The plan does not approve or deny procedures, services, testing, or equipment for our members. Our decisions concern coverage only. The decision of whether or not to have a certain test, treatment or procedure is one made between the physician and his/her patient. The plan administers benefits based on the member’s contract and corporate medical policies. Physicians should always exercise their best medical judgment in providing the care they feel is most appropriate for their patients. Needed care should not be delayed or refused because of a coverage determination.

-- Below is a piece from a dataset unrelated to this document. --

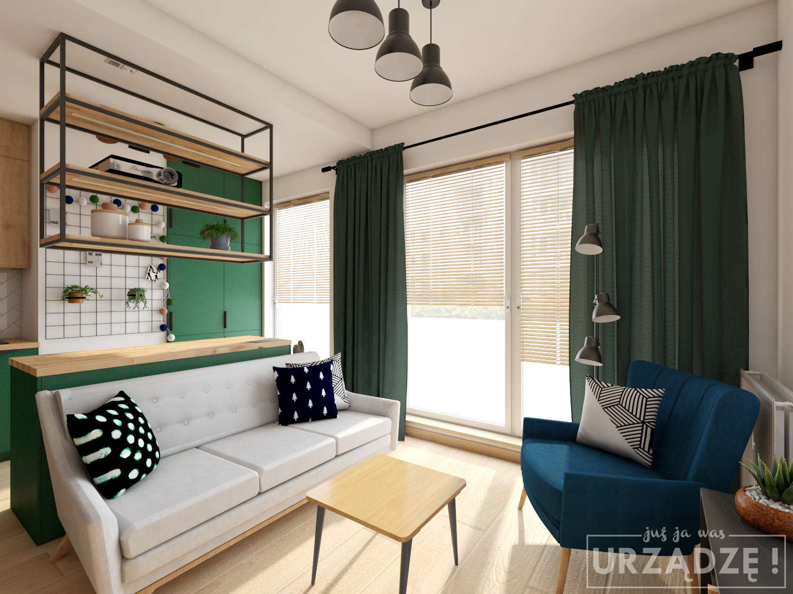 Sekretem wnętrz z tak intensywnymi barwami jest powtarzanie kolorów na różnych elementach, rozłożonych w miarę równo w całym pomieszczeniu. Dlatego naprzeciwko granatowej ściany stanął fotel o tej samej barwie, a zieleń pojawiła się nie tylko w kuchni, ale też na zasłonach i roślinach. Z kolei kontrastem dla tych zimnych barw jest ciepły kolor drewna, które właściwie dominuje nad całym wnętrzem, powodując że jest ono dobrze wyważone. Można było dodać jeszcze kilka żółtych lub musztardowych poduszek, choć ja postawiłam na wersję B&W. Dodatkowe kolory na pewno przyjdą również z książkami i dekoracjami właścicieli.

As a general rule, benefits are payable under health plans only in cases of medical necessity and only if services or supplies are not investigational, provided the customer group contracts have such coverage.

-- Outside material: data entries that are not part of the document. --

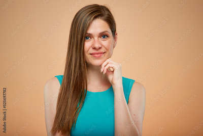 Smiling woman with long hair wearing blue dress isolated portrait on yellow brown background.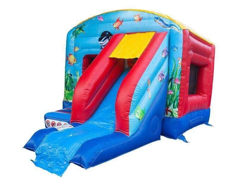 Hire this bouncy castle slide combination unit themed under the sea. This castle is 12 foot wide by 18 foot long & 10 foot high, so suitable for most halls.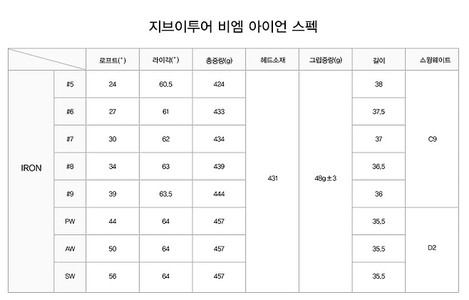 아이언[#5, #6, #7, #8, #9, PW, AW, SW]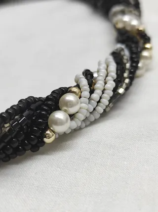 Elegante collar de perlas con un diseño clásico y sofisticado. - Perlas de color blanco y negro. - Cierre metálico.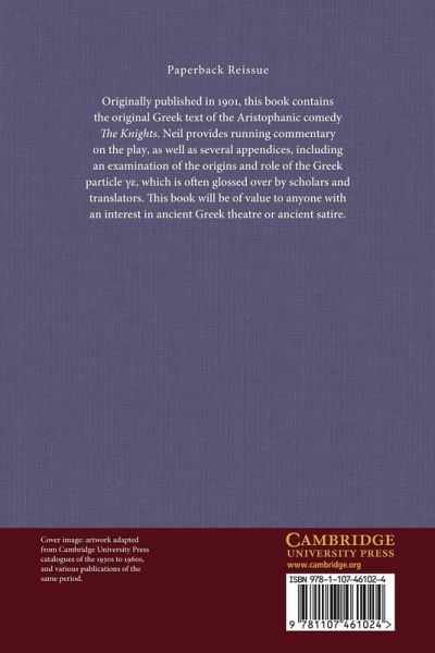 Originally published in 1901, this book contains the original Greek text of the Aristophanic comedy The Knights. Neil provides running commentary on the play, as well as several appendices, including an examination of the origins and role of the Greek particle ¿¿, which is often glossed over by scholars and translators. This book will be of value to anyone with an interest in ancient Greek theatre or ancient satire.

The following Association Technology Evaluation Criteria must be met for a service/supply to be considered for coverage:
- The technology must have final approval from the appropriate government regulatory bodies;
- The scientific evidence must permit conclusions concerning the effect of the technology on health outcomes;
- The technology must improve the net health outcome;
- The technology must be as beneficial as any established alternatives;
- The improvement must be attainable outside the investigational setting.
Medical Necessity means that health care services (e.g., procedures, treatments, supplies, devices, equipment, facilities or drugs) that a physician, exercising prudent clinical judgment, would provide to a patient for the purpose of preventing, evaluating, diagnosing or treating an illness, injury or disease or its symptoms, and that are:
- In accordance with generally accepted standards of medical practice; and
- Clinically appropriate in terms of type, frequency, extent, site and duration and considered effective for the patient’s illness, injury or disease; and
- Not primarily for the convenience of the patient, physician or other health care provider; and
- Not more costly than an alternative service or sequence of services at least as likely to produce equivalent therapeutic or diagnostic results as to the diagnosis or treatment of that patient’s illness, injury or disease.